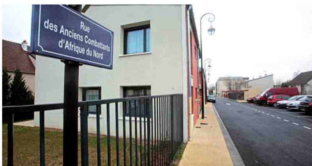
44 logements locatifs sociaux (ANRU), 28 logements en accession sociale et 8 maisons individuelles ont été créés sur l'ancien site des ateliers Massey-Ferguson.

Cette nouvelle rue du quartier de Royallieu est ainsi baptisée à la demande des anciens combattants qui ont joué la carte de l'union car ce sont trois associations patriotiques, les Anciens Combattants et Prisonniers de Guerre et Combattants d'Algérie, Tunisie, Maroc, l'Union nationale des Combattants, et la Fédération nationale des anciens combattants d'Algérie, qui ont souhaité marquer l'engagement de ces hommes dans un conflit que l'on sait meurtrier. "Il aura fallu une très longue durée et que le temps effectue son travail pour que les esprits
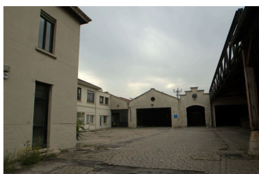
Ateliers et bâtiment administratif, vue sud-ouest IVR82_20086900488NUCA
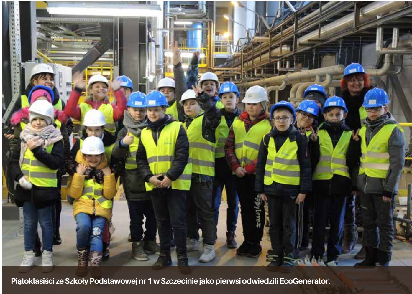
Piątoklasiści ze Szkoły Podstawowej nr 1 w Szczecinie jako pierwsi odwiedzili EcoGenerator.
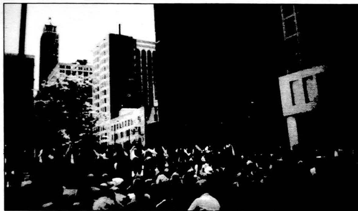
„Nemuno“ ansamblio šokėjai liepos 7 d. pasirodo Čikagos dangoraižių fone.
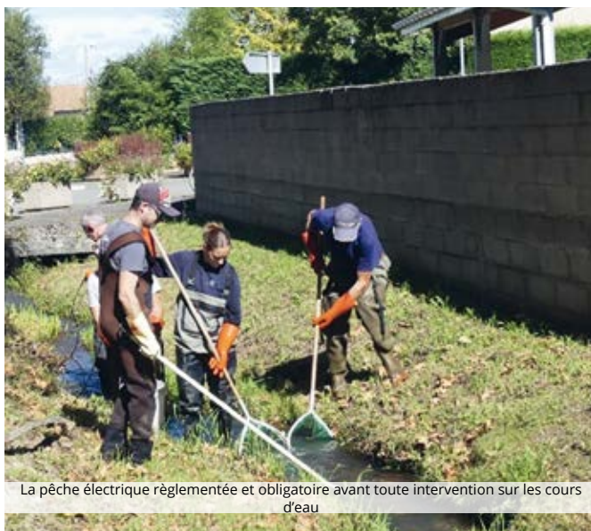
La pêche électrique réglementée et obligatoire avant toute intervention sur les cours d'eau

La première des étapes avant d'intervenir sur le ruisseau doit être de réaliser une pêche électrique. Pour ce faire, la municipalité a fait appel à des partenaires privilégiés : la Fédération de pêche 65 et l'Association Agréée pour la Pêche et la Protection du Milieu Aquatique (AAPPMA)
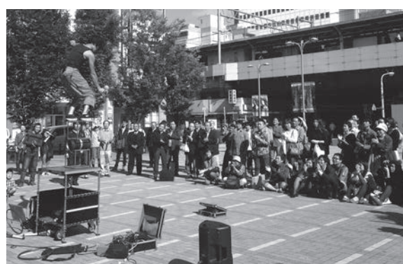
御徒町南口駅前広場(おかちまちバンダ広場)
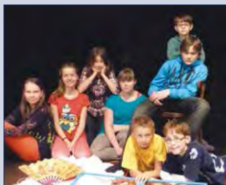
Brambůrky - Tajemný Skellig
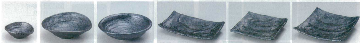
10-1043-36 H-91-91 陶 いぶし黒 扇千代口 ¥750 (8.3×7.4×3.3) 10-1043-37 H-91-92 陶 いぶし黒 扇中鉢 ¥1,400 (17.4×16.5×5.3) 10-1043-38 H-91-97 陶 いぶし黒 舞 深鉢 ¥1,200 (20.2φ×6.2) 10-1043-39 H-91-99 陶 いぶし黒 極 23cm焼物皿 ¥2,250 (23×13.8×3) 10-1043-40 H-92-1 陶 いぶし黒 極 19cm正角皿 ¥2,250 (19×19×3) 10-1043-41 H-92-2 陶 いぶし黒 極 23cm正角皿 ¥3,600 (23×23×4.5)
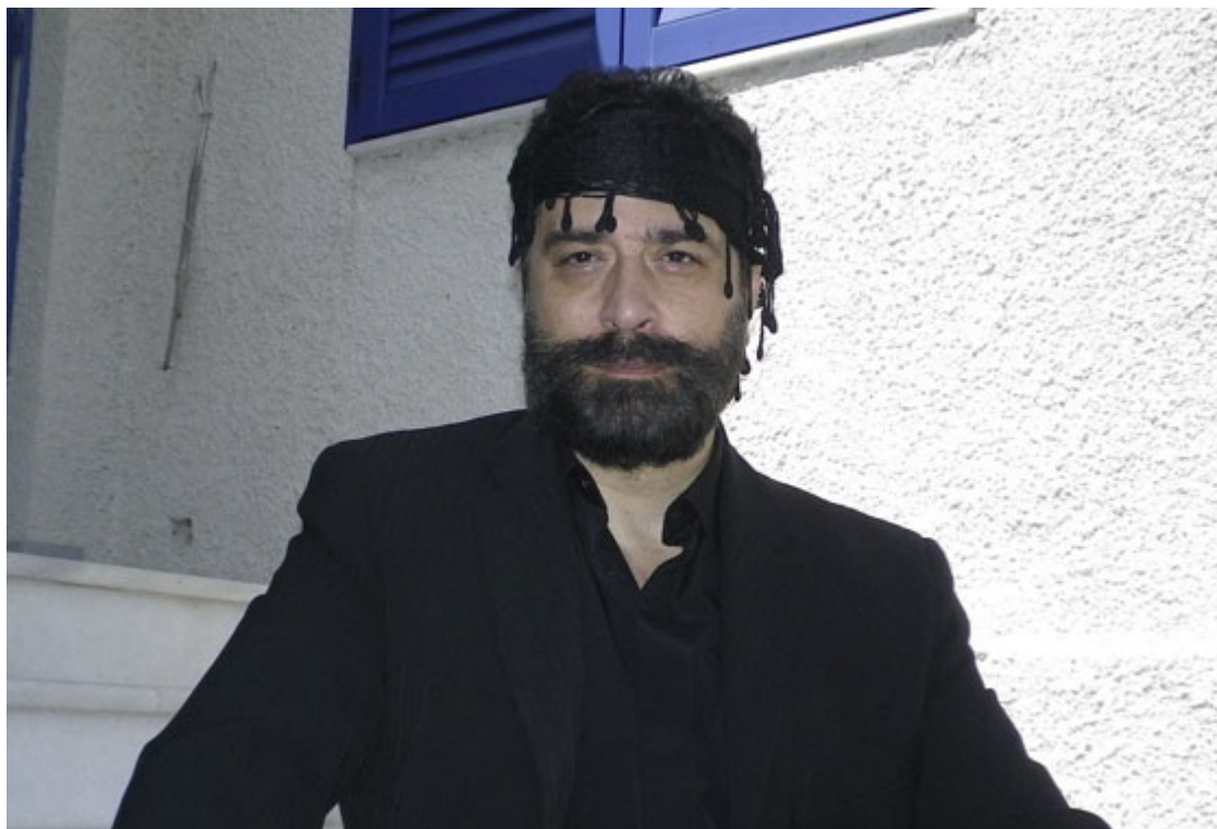
Γρηγόρης Ορφανουδάκης (ηθοποιός)
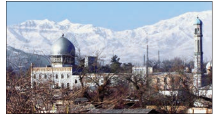
Ya’küb-i Çerhî Camii ve Medresesi – Duşanbe

Özbekistan Sovyet Sosyalist Cumhuriyeti’ne baġlı Otonom Tacik Sovyet Sosyalist Cumhuriyeti’nin ve 1929’da Tacikistan Sovyet Sosyalist Cumhuriyeti’nin başşehir oldu. Stalin’in adına izâfeten şehrin ismi Ekim 1929’da Stalinâbâd olarak deġiştirildi.
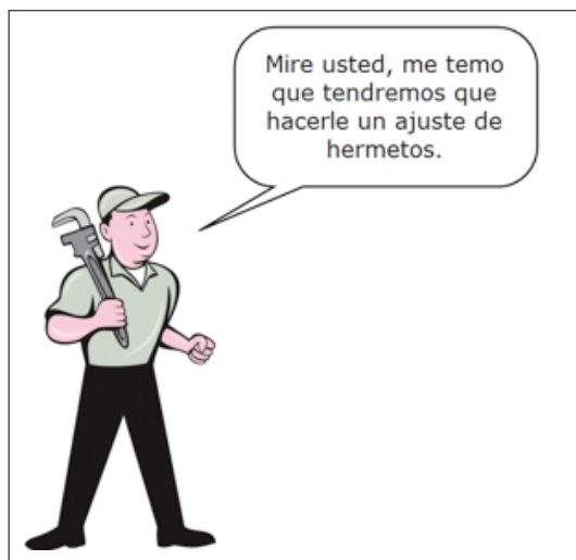
Figura 1. Problemas comunicacionales por el empleo de terminología 2 .

nología de su campo sin más explicación alguna? (Fig. 1). Probablemente, perplejos.
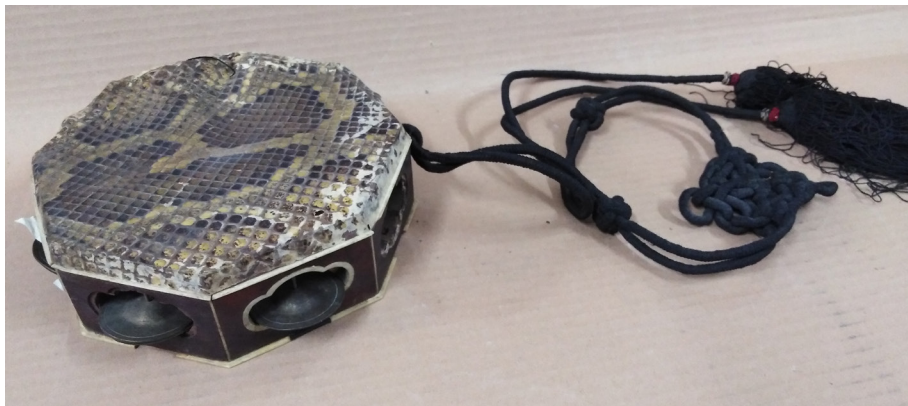
Slika 5: Osmerokotni ročni boben bajiao gu , Skušкова zbirka, SEM, inv. št. NM 18316 (foto: Klara Hrvatin, 2019).
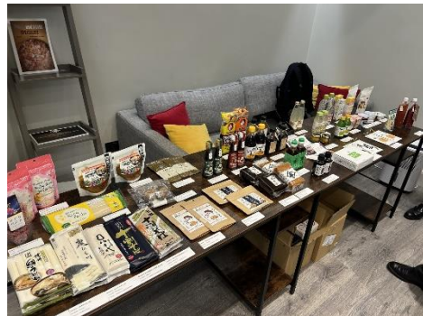
昨年度の開催風景（ロンドン）

https://www.jetro.go.jp/world/europe/uk/foods/exportguide/
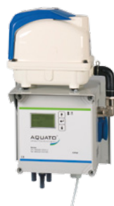
Steuerung K-Pilot 18.1
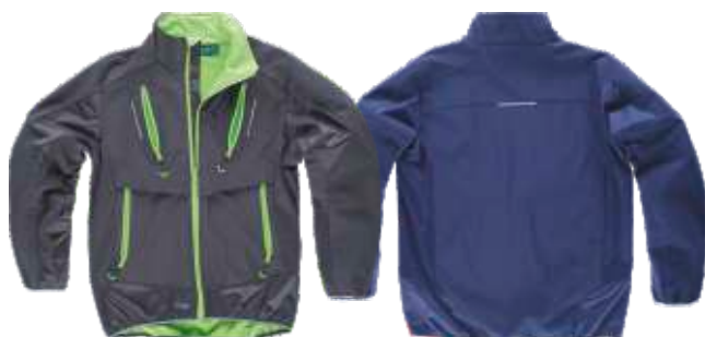
cinza escuro/verde lima
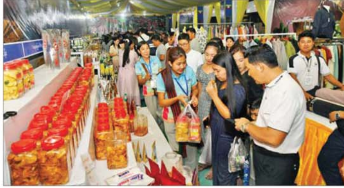
ပြည်ထောင်စုအဆင့် MSME ထုတ်ကုန်ပြပွဲနှင့် ဈေးရောင်းပွဲတော်တွင် အားပေးကြည့်ရှုဝယ်ယူကြသူ များဖြင့် စည်ကားလျက်ရှိသည်ကို တွေ့ရစဉ်။

ကနေရရှိလာတဲ့ စွန့်ပစ် အခါမှာလည်း အကျိုးကျေးဇူး အများကြီးရှိပါတယ်။ အဓိကက တော့ စိုက်ပျိုးရေးကို အလေအလွင့် မရှိဘဲ လိုအပ်သလောက် ထိထိရောက်ရောက် အသုံးပြုနိုင် အောင် အထောက်အကူပေးပါ တယ်။ ဒါကြောင့်တောင်သူတွေကို လာရောက်လေ့လာဖို့ ဖိတ်ခေါ်ချင် ပါတယ်။ ပြီးတော့ တောင်သူ အကျိုးပြုစိမ်းနိုးတွေ၊ လုပ်ငန်း တွေ၊ နည်းပညာတွေကို အထောက် အပံ့ပေးနေတဲ့ စိုက်ပျိုးရေးနဲ့ သက်ဆိုင်တဲ့ လယ်ယာကဏ္ဍနဲ့ သက်ဆိုင်တဲ့ အစိုးရဌာနတွေက တာဝန်ရှိသူတွေကိုလည်း လေ့လာ ဖို့ဖိတ်ခေါ်ချင်ပါတယ်။
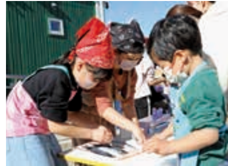
さんまに塩を振る参加者たち

同児童クラブの作間館長は、「このイベントが子どもたちの記憶に大切な思い出として残ってくれたら嬉しい」と話しました。
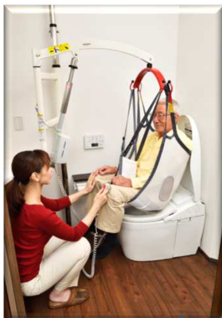
つるべーFシリーズ
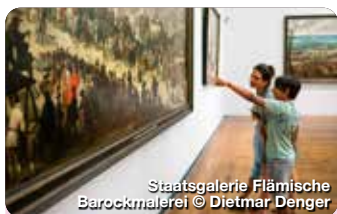
Staatsgalerie Flämische Barockmalerei
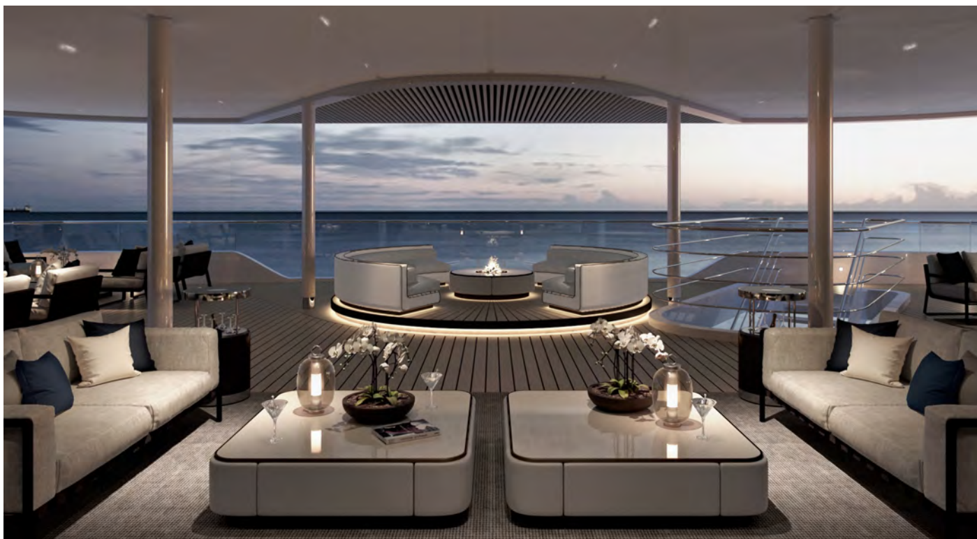
Exterior Explorer Lounge

Het meest elegante schip in de Galápagos
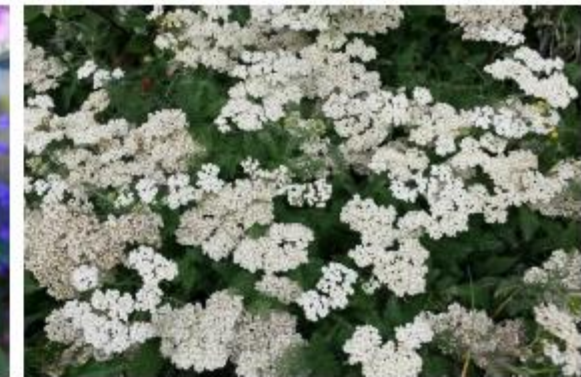
Ausläufer-Schafgarbe - Achillea nobilis subsp. neilreichii
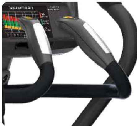
Контурные эргономичные рукоятки с датчиками пульса и клавишами управления для большего комфорта
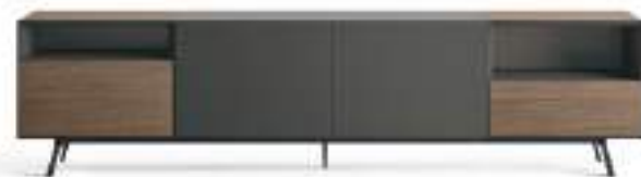
Domino Più 13P L / W 2400 x H 600 x P / D 546 Rovere Argilla • Antracite • piedi / feet Brown
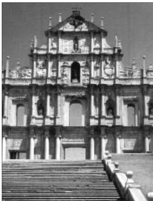
I resti della chiesa di St. Paul a Macao

Chieti, per saggiare la possibilità di aprirvi un collegio. Ritornò a Roma per proseguire i suoi studi e poco dopo divenne per un anno rettore del collegio gesuita di Macerata. Un anno dopo, nel 1573, Eduardo Mercuriano (1514-80) fu eletto generale. Egli decise di inviare Valignano come suo delegato personale o “visitatore” nelle missioni che la Compagnia aveva nelle Indie orientali e che a quel tempo abbracciavano una vasta zona geografica, che andava dal Mozambico all’India e più ad oriente alla Cina e al Giappone. Si può considerare questa decisione come una delle più importanti che Mercuriano prese durante il suo generalato.
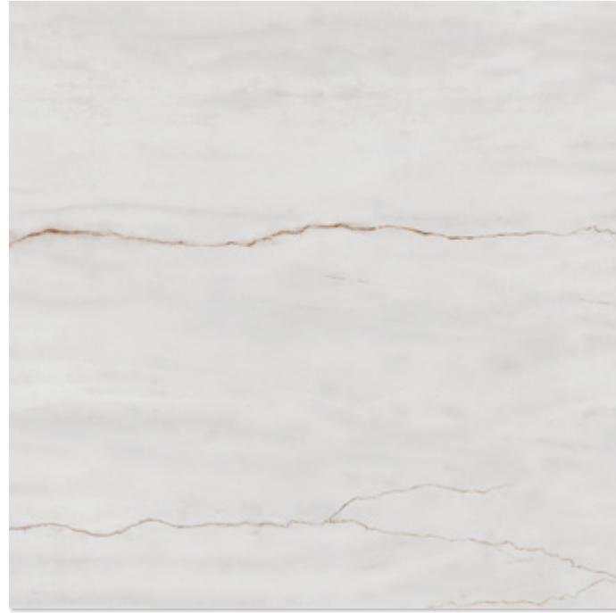
MASSA WHITE POLISHED
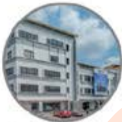
Pusat Pembelajaran SHAH ALAM Program Prasiswazah
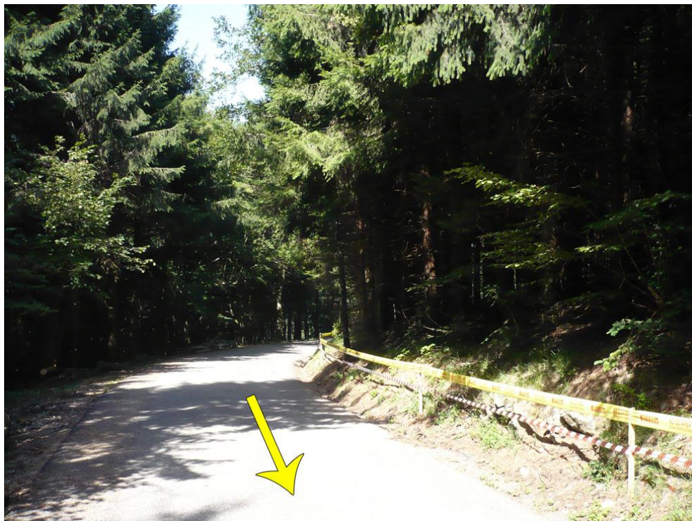
Inizio prova speciale – Naviga verso : P – Canebola start

Video fine prova speciale : http://youtu.be/U7LjYPgsJoQ
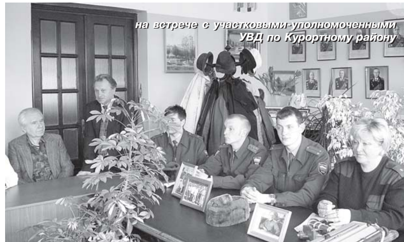
на встрече с участковыми уполномоченными УВД по Курортному району

Осознавая важность поставленных задач по профилактике правонарушений и соблюдения порядка на территории города Сестрорецка, депутаты Муниципального совета приняли решение об установке на улице Токарева камер видеонаблюдения. Как показывает практика, наличие видеонаблюдения существенно снижает показатели правонарушений в местах их установки.

Directions for this task> Copy out the lines above from the line containing "Ausläufer-Schafgarbe - Achillea" through the line containing "I resti della chiesa di St. Paul a Macao", exactly, and keep the pictures out.

Reply to the exercise>
Ausläufer-Schafgarbe - Achillea nobilis subsp. neilreichii
Контурные эргономичные рукоятки с датчиками пульса и клавишами управления для большего комфорта
Domino Più 13P L / W 2400 x H 600 x P / D 546 Rovere Argilla • Antracite • piedi / feet Brown
I resti della chiesa di St. Paul a Macao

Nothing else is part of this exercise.